Mosca ha creato questo campo minato di conflitti e, grazie al suo potere autoritario, li ha congelati fino alla fase finale della perestrojka, cioè fino a quando sono cominciati i tumulti nazionali praticamente in ogni repubblica, autonoma o dell’Unione Sovietica. Questi conflitti, che continuano a esplodere con enorme facilità, sono stati riportati alla luce e innescati dal crollo dell’Unione Sovietica.

Proprio per questo la storia post-sovietica è una storia di conflitti, scontri etnici, conquiste territoriali, massacri di civili.

Le guerre civili in Georgia (1991-1993) e in Tagikistan (1992-1993); le guerre in Nagorno Karabakh tra Armenia e Azerbaigian (1992-1994, 2020); il conflitto osseto-inguscio del 1992 e le due guerre in Cecenia (1994-1996, 1999-2009), combattute direttamente sul territorio della Federazione Russa; le guerre in Abkhazia (1992-1993) e Ossezia del Sud (1991-1992, 2008); e infine quella in Transnistria (1991-1992) sono tutte avvenute con l’ingerenza della Russia. L’annessione armata della Crimea (2014) e l’aggressione russa del 2014 nell’Ucraina orientale, tuttora in corso, sono solo gli ultimi episodi di un elenco ancora incompleto dei conflitti armati post-sovietici.
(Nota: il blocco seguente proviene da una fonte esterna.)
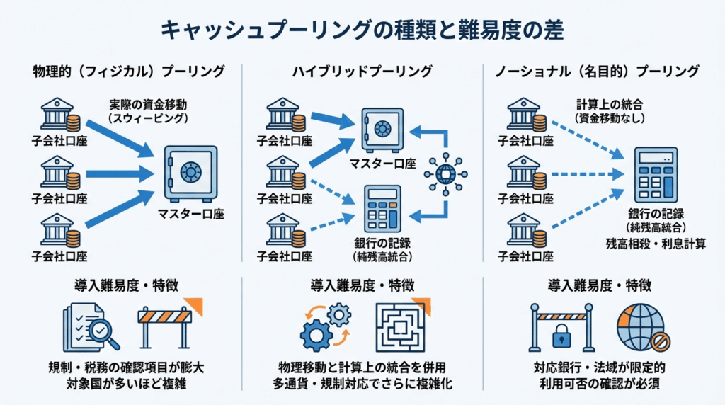 キャッシュプーリングの種類によって、導入の難易度と得られる効果は異なります。物理的プーリングでは子会社の口座から中央のマスター口座へ実際に資金が移動するスウィーピング方式を取ります。一方、ノーショナルプーリングでは現金の実際の移動はなく、口座残高を名目的に相殺し、銀行がプール全体の純ポジションに対して利息を計算します(参照*3)。

Il prezzo è stato di centinaia di migliaia di morti, milioni di profughi, città distrutte, rapporti tra paesi compromessi per decenni e il dilagare di una violenza rimasta impunita: tutti ostacoli sulla già difficile strada verso la democrazia.
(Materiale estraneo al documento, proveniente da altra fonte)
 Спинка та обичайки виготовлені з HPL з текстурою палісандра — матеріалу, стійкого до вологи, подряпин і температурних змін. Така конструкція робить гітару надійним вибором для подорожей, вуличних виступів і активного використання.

Per inciso, fin dalla presidenza di Boris Eltsin la Russia era diventata, per così dire, la responsabile e la beneficiaria di molte delle guerre sopra citate. Le usava per creare focolai di tensione controllata nelle sue ex repubbliche da poco indipendenti e per influenzare le loro politiche estere e interne.

Oggi questo meccanismo si ripete con l’Unione europea. L’aggressione russa all’Ucraina è in corso a meno di mille chilometri dai confini europei. Dalla Crimea alla frontiera del più vicino stato che fa parte della Nato, la Turchia, ci sono 260 chilometri. È una vicinanza straordinaria in senso sia militare sia socio­politico.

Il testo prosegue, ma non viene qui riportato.